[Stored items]

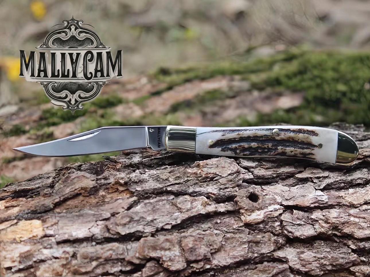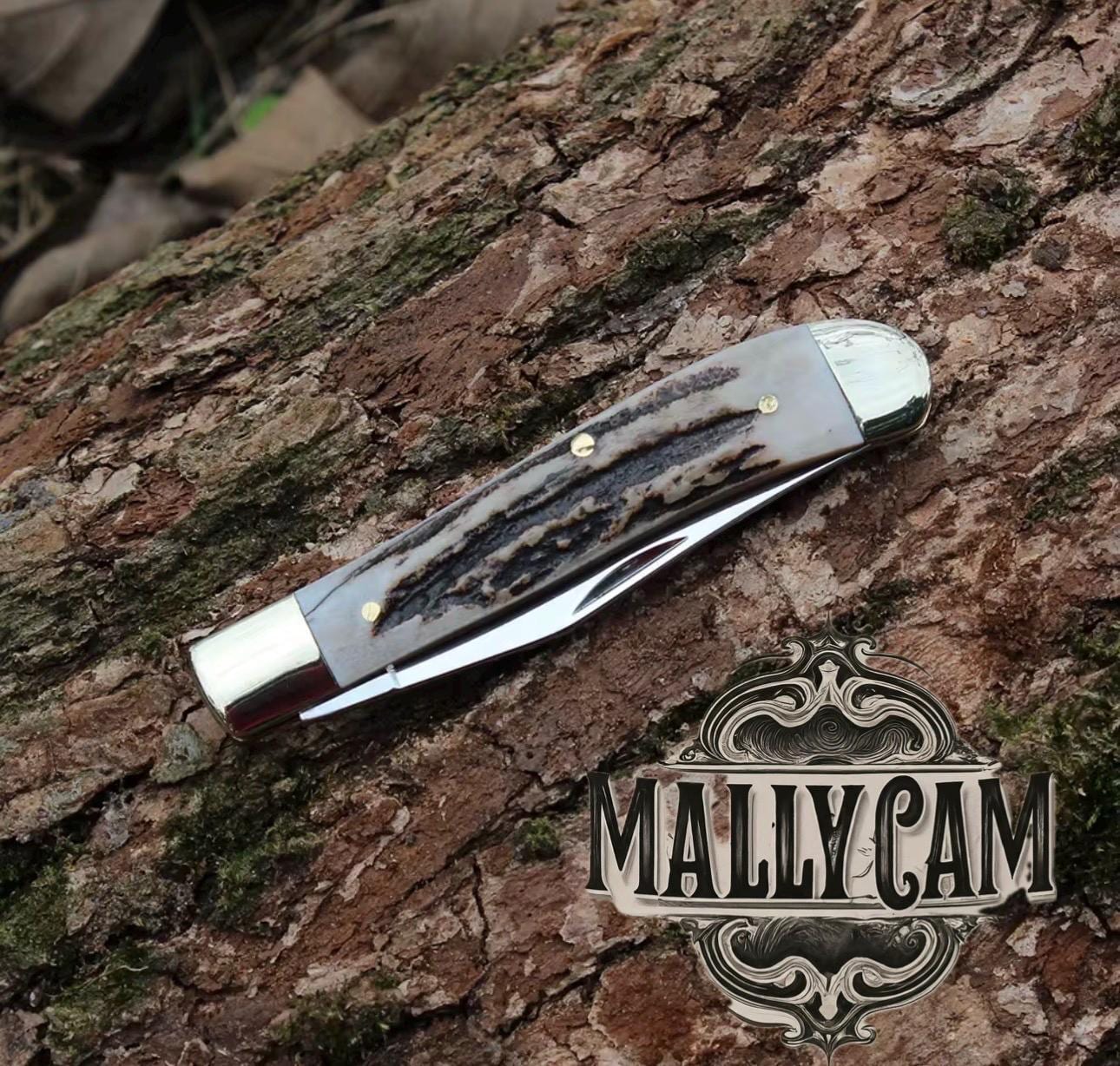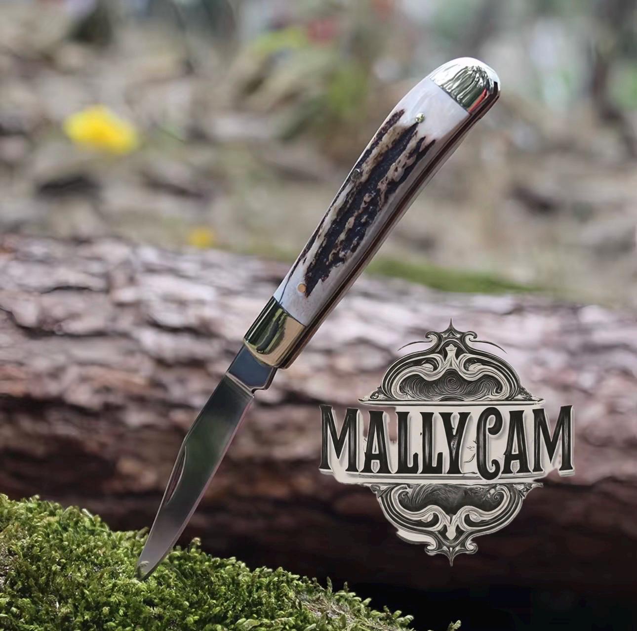 Handmade forged Jakob’s slip joint Stag is a standard jack pattern inspired by a very old I-X-L pattern. This one-bladed slip joint features a 3″ 420ss drop point blade with heavy swedging, a half stop, and a high polished finish. The covers are Genuine white tail Deer Stag harvested out of Richmond Ky, and featured high polished steel bolsters, steel liners, and nickel silver pins. This edition does not bear a shield. It’s 3″ closed, 6″ overall, and weighs about 3.1oz
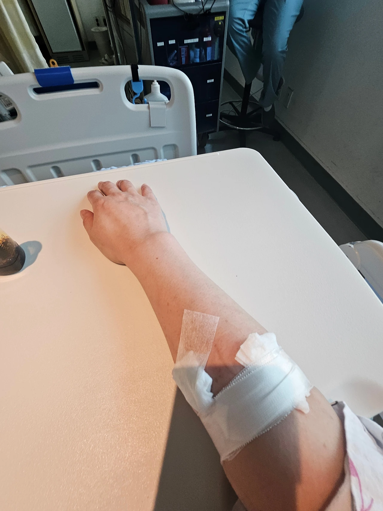 머리를 감은 후에 mri 조영제를 투여하기 위해 혈관을 잡았다. 왼쪽은 지난번처럼 실패, 오른쪽도 간호사는 포기하고 주사전문 간호사님도 팔은 포기하고 (많이 아팠..) 결국 손등에 겨우 잡았다.
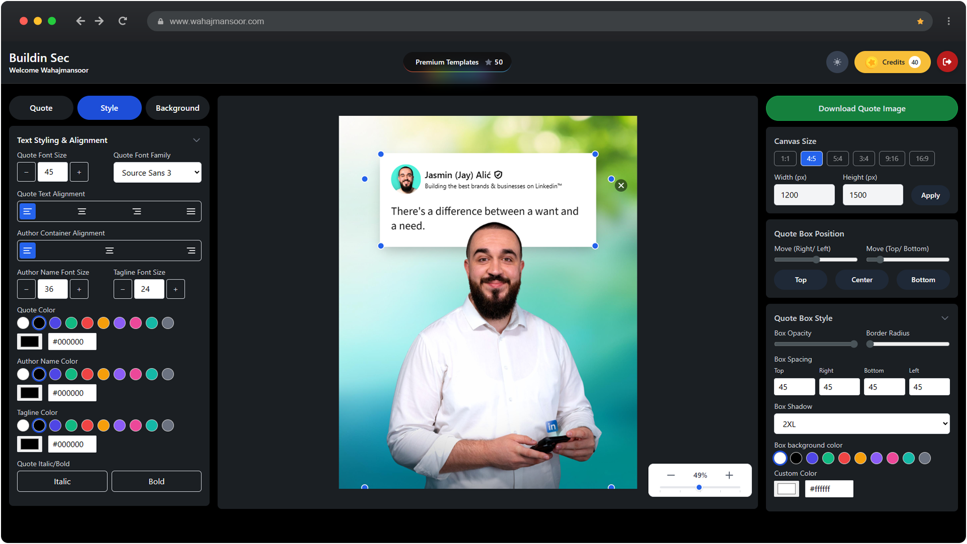 Jasmin Alić is known for powerful, eye-catching posts on LinkedIn. With our tool, you can create similar stunning designs in minutes no design skills needed.
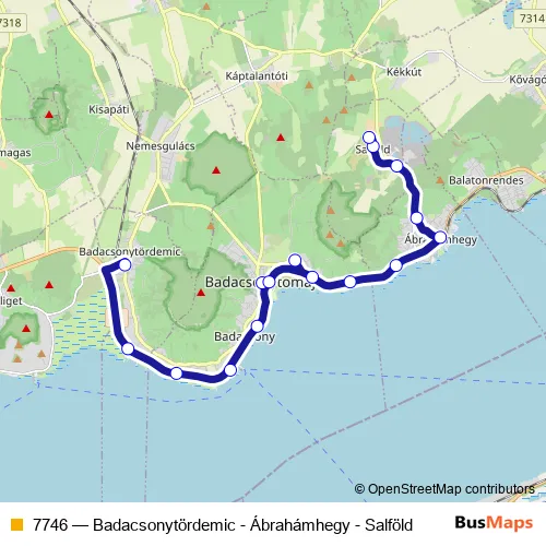 The first stop of the 7746 bus route is Badacsonytördemic, Hősök útja 6. and the last stop is Salföld, autóbusz-forduló. 7746 (Badacsonytördemic - Ábrahámhegy - Salföld) is operational during on weekdays.
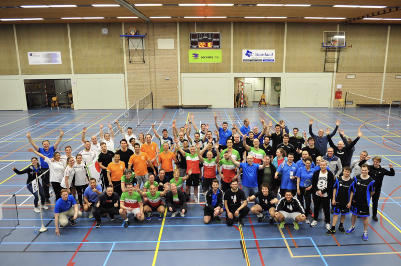 Vrijdag 8 maart organiseerde Badminton Club Maassluis voor de tweede keer in haar bestaan een bedrijventoernooi. Vorig jaar was de eerste keer en met 5 bedrijven kun je praten over een rustige start. Dit jaar is nog meer energie gezet op het binnenhalen van bedrijven en met succes: 16 bedrijven met gemiddeld 6 teamleden kwamen aan de start, in totaal bijna 100 mannen en vrouwen. De avond werd gestart met een warming-up door de beste heer van de vereniging Carl Pastijn. Zijn enthousiasme zorgde snel voor een leuke sfeer en fanatisme bij de spelers. Vervolgens werd een korte demonstratie van A-spelers van Badminton Club Maassluis gegeven.
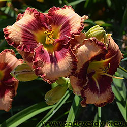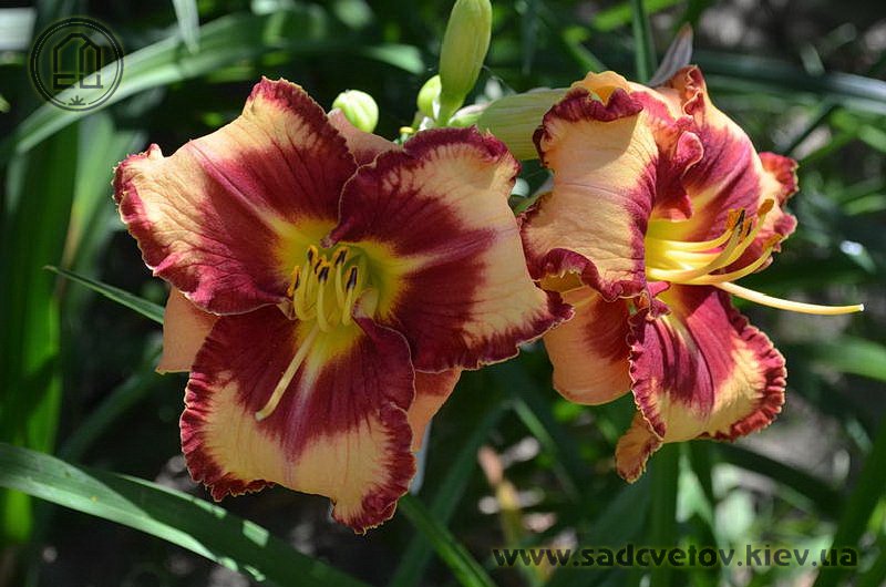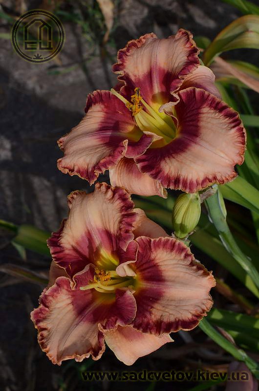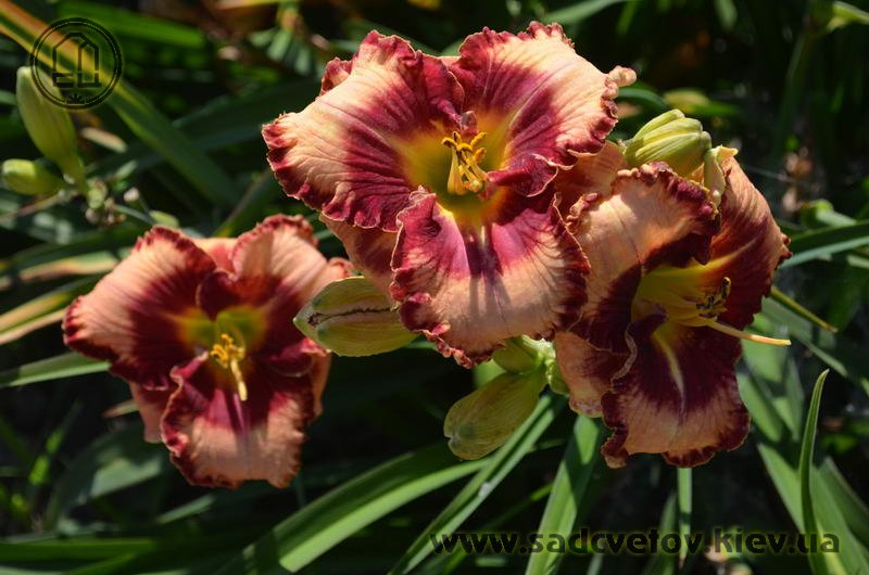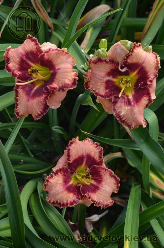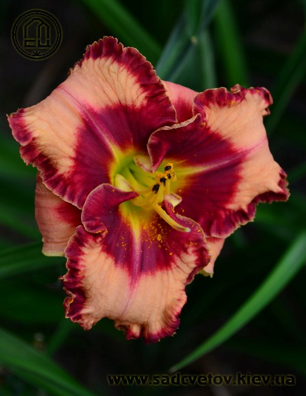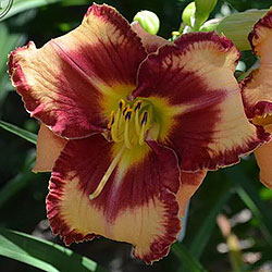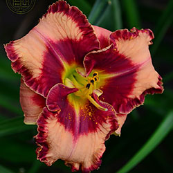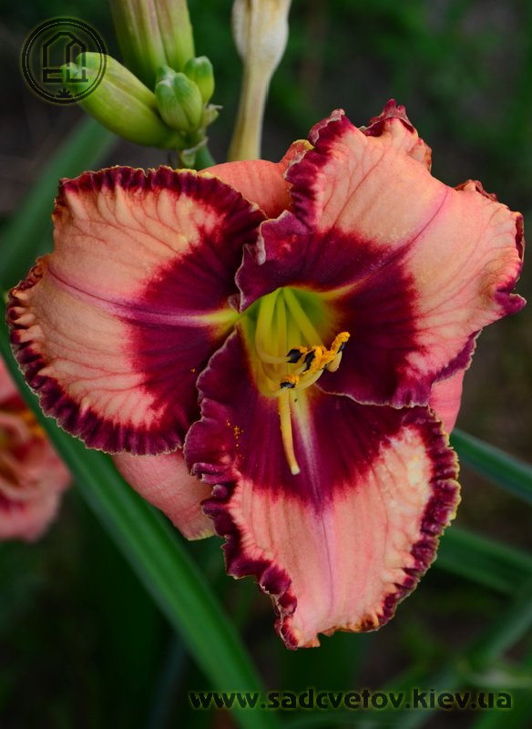 Круглий ніжний рожевий, яскраве вишнево червоне око навколо зеленого горлечка, така ж вишнево червона широка гофрована облямівка з вузьким золотистим краєм.
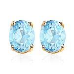 Premium Mangoro Aquamarine 2.60 ctw Solitaire Stud Earrings in 14K Yellow Gold (Del. in 10-12 Days)

**Task objective:**
Retype every entry word for word, but do not carry over the pictures.

**Answer box:**
 Handmade forged Jakob’s slip joint Stag is a standard jack pattern inspired by a very old I-X-L pattern. This one-bladed slip joint features a 3″ 420ss drop point blade with heavy swedging, a half stop, and a high polished finish. The covers are Genuine white tail Deer Stag harvested out of Richmond Ky, and featured high polished steel bolsters, steel liners, and nickel silver pins. This edition does not bear a shield. It’s 3″ closed, 6″ overall, and weighs about 3.1oz
 머리를 감은 후에 mri 조영제를 투여하기 위해 혈관을 잡았다. 왼쪽은 지난번처럼 실패, 오른쪽도 간호사는 포기하고 주사전문 간호사님도 팔은 포기하고 (많이 아팠..) 결국 손등에 겨우 잡았다.
 Jasmin Alić is known for powerful, eye-catching posts on LinkedIn. With our tool, you can create similar stunning designs in minutes no design skills needed.
 The first stop of the 7746 bus route is Badacsonytördemic, Hősök útja 6. and the last stop is Salföld, autóbusz-forduló. 7746 (Badacsonytördemic - Ábrahámhegy - Salföld) is operational during on weekdays.
 Vrijdag 8 maart organiseerde Badminton Club Maassluis voor de tweede keer in haar bestaan een bedrijventoernooi. Vorig jaar was de eerste keer en met 5 bedrijven kun je praten over een rustige start. Dit jaar is nog meer energie gezet op het binnenhalen van bedrijven en met succes: 16 bedrijven met gemiddeld 6 teamleden kwamen aan de start, in totaal bijna 100 mannen en vrouwen. De avond werd gestart met een warming-up door de beste heer van de vereniging Carl Pastijn. Zijn enthousiasme zorgde snel voor een leuke sfeer en fanatisme bij de spelers. Vervolgens werd een korte demonstratie van A-spelers van Badminton Club Maassluis gegeven.
 Круглий ніжний рожевий, яскраве вишнево червоне око навколо зеленого горлечка, така ж вишнево червона широка гофрована облямівка з вузьким золотистим краєм.
 Premium Mangoro Aquamarine 2.60 ctw Solitaire Stud Earrings in 14K Yellow Gold (Del. in 10-12 Days)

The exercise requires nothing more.